For the moment, though, narrow AI, which is programmed by humans to focus on a niche task, will have to suffice. The hype around AI has calmed recently, in part because business leaders have realised it is neither akin to the general AI of Blade Runner or Terminator nor a silver bullet. Narrow AI, however, is potent if pointed the right way; those who work out what direction to aim at will triumph.

Besides, as Dr Iain Brown, head of data science at SAS in the UK and Ireland, posits: “The machines have already taken over, to some extent, and with little resistance.” Our smartphones, smart speakers and driverless cars all rely on AI. “Self-learning machines are embedded in services or devices used by three quarters of global consumers,” says Brown, “and algorithms choose what news we read and the entertainment we consume.”

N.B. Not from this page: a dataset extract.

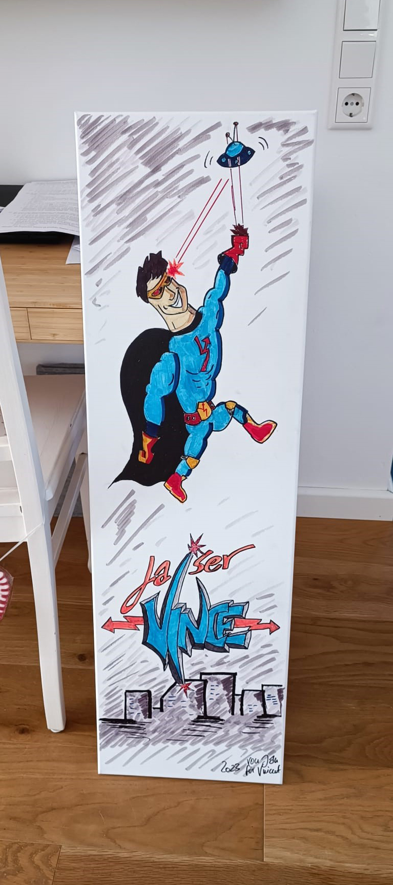 Es sollte ein besonderes Geschenk für mein Patenkind sein: Gemeinsame Zeit. Ich bringe eine Box Künstlerstifte und Leinwände mit und wir malen gemeinsam. Denn das kann er richtig gut. Meine Aufgabe: Vincent als Superhelden malen. Im Bild: Laser Vince, der mit seinen Laserfäusten eine außerirdische Invasion in die Schranken weist. Entstanden in Kooperation mit dem Helden selbst.
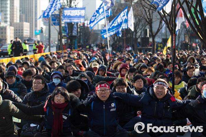 (서울=포커스뉴스) 27일 오후 서울 종로구 세종로 소공원에서 열린 '민주노총 총파업 수도권대회'에 참가한 민주노총 조합원들이 정부의 노동법 개정 중단을 촉구하고 있다.

Canny members of the C-suite are beginning to realise the true potential of narrow AI. “General AI isn’t a pipe dream, but it is irrelevant,” says leading futurist Tom Cheesewright. “Focusing on it as a business leader is like seeing the wheel for the first time and spending your time dreaming about a Tesla. Make use of the wheel.”

AI adoption challenges

Targeting niche tasks with narrow AI

Indeed, according to Microsoft’s Accelerating Competitive Advantage with AI report, published in October, businesses in the UK already using AI at scale are performing 11.5 per cent better than those who are not, up from 5 per cent in 2018. Further, the study calculates the number of UK companies with an AI strategy has more than doubled, from 11 per cent two years ago to 24 per cent in 2019. The report also finds that more than half of organisations in the UK (56 per cent) are using AI to some extent, including a rise of 11 per cent in machine-learning from the previous year.

“Narrow AI is certainly a more rewarding prospect for businesses in the short term, as it has more specific applications and so can help to overcome the clearly defined challenges that exist today,” says Greifeneder. “It’s also easier to manage the risks and ethical implications associated with it.” As an example of granting too much autonomy to a machine, he points to Microsoft’s infamous AI chatbot Tay, which began tweeting racist and inflammatory remarks in March 2016, after just 24 hours of exposure to users on Twitter. And, like any tool, AI can be used for good or bad.

Focusing on general AI as a leader is like seeing the wheel for the first time and spending your time dreaming about a Tesla. Make use of the wheel

“We don’t need to wait for general AI to experience elements of AI utopia or dystopia,” says Peter van der Putten, assistant professor of AI at Leiden University in the Netherlands and director of decisioning solutions for cloud software company Pegasystems. “AI is used successfully to understand the structure and function of COVID-19 and to mine COVID-19 research articles. But bias has been creeping into models to determine credit card limits, decide who needs to await a court case in jail or who gets selected for preventive care programmes.”

Why general AI and man must work together

There may be justified concerns about algorithmic biases, how the associated technologies might develop and AI displacing human jobs. But it is critical for business leaders to understand what AI can achieve and it’s certainly not for every organisation.

“If you don’t understand what you are trying to solve first, you are carrying a hammer looking for a nail and AI is going to be of no real use,” says Nick Wise, chief executive of OceanMind, a not-for-profit organisation using AI to protect the world’s fisheries.

For now, the realm of sentient computers seems a long way off. And if we humans are prudent, if or perhaps when general AI becomes a reality, man and machine will augment one another. As Brown concludes: “The future belongs to the cyborg: humans working hand in glove with AI, rather than the android alone.”